Information supplied |
* * *

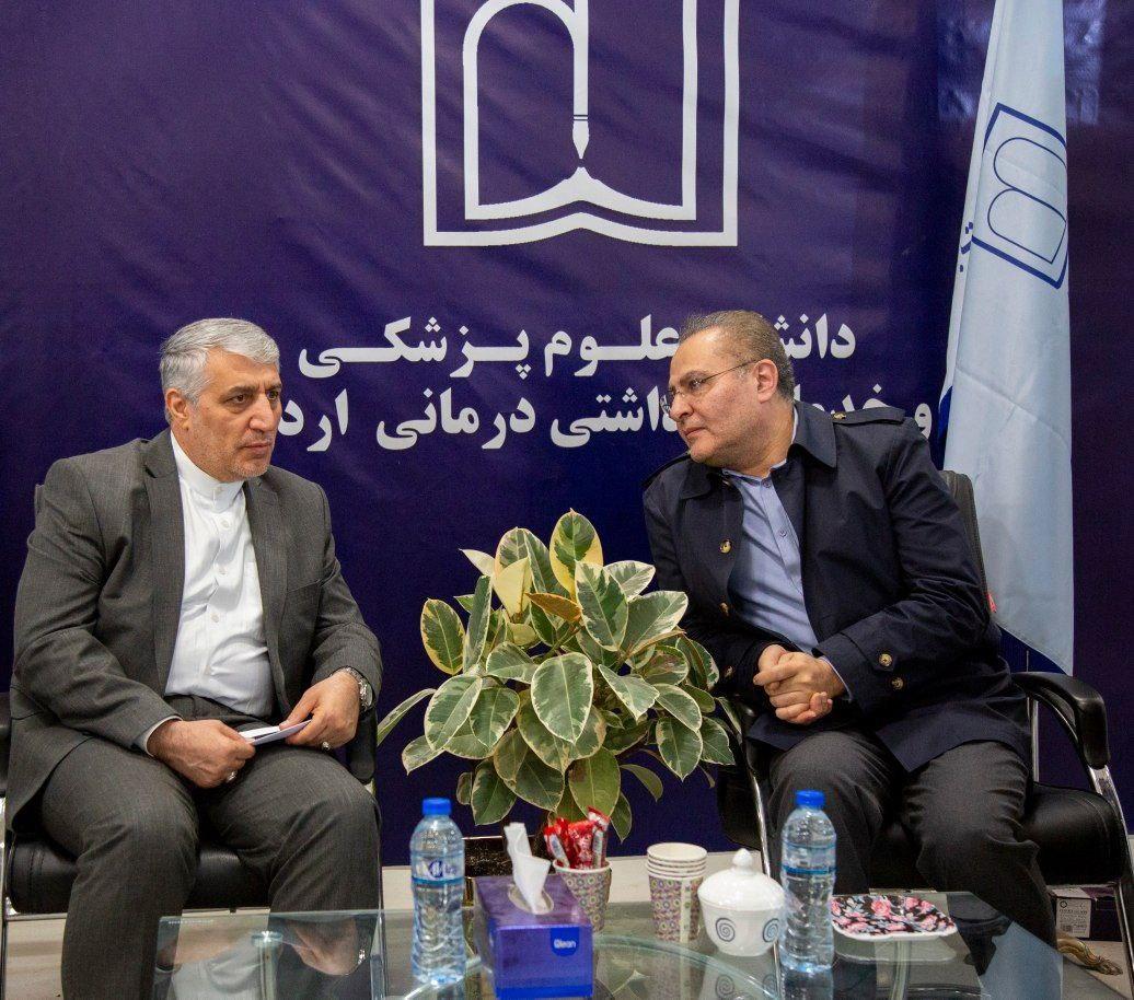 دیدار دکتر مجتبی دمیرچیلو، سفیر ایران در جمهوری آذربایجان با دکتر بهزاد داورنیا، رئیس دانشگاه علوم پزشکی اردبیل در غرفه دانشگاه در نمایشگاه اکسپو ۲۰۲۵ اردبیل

* * *

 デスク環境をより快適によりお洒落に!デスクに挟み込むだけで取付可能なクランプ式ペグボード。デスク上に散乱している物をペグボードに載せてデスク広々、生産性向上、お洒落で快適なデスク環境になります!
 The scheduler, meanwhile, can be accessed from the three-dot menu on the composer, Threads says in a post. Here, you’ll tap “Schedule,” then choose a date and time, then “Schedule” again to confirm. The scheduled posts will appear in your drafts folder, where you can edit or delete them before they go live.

* * *

Assignment | Above are the lines; repeat exactly the ones from the line containing "デスク環境をより快適によりお" down to the line containing "The scheduler, meanwhile, can", both inclusive.

Task answer |
 デスク環境をより快適によりお洒落に!デスクに挟み込むだけで取付可能なクランプ式ペグボード。デスク上に散乱している物をペグボードに載せてデスク広々、生産性向上、お洒落で快適なデスク環境になります!
 The scheduler, meanwhile, can be accessed from the three-dot menu on the composer, Threads says in a post. Here, you’ll tap “Schedule,” then choose a date and time, then “Schedule” again to confirm. The scheduled posts will appear in your drafts folder, where you can edit or delete them before they go live.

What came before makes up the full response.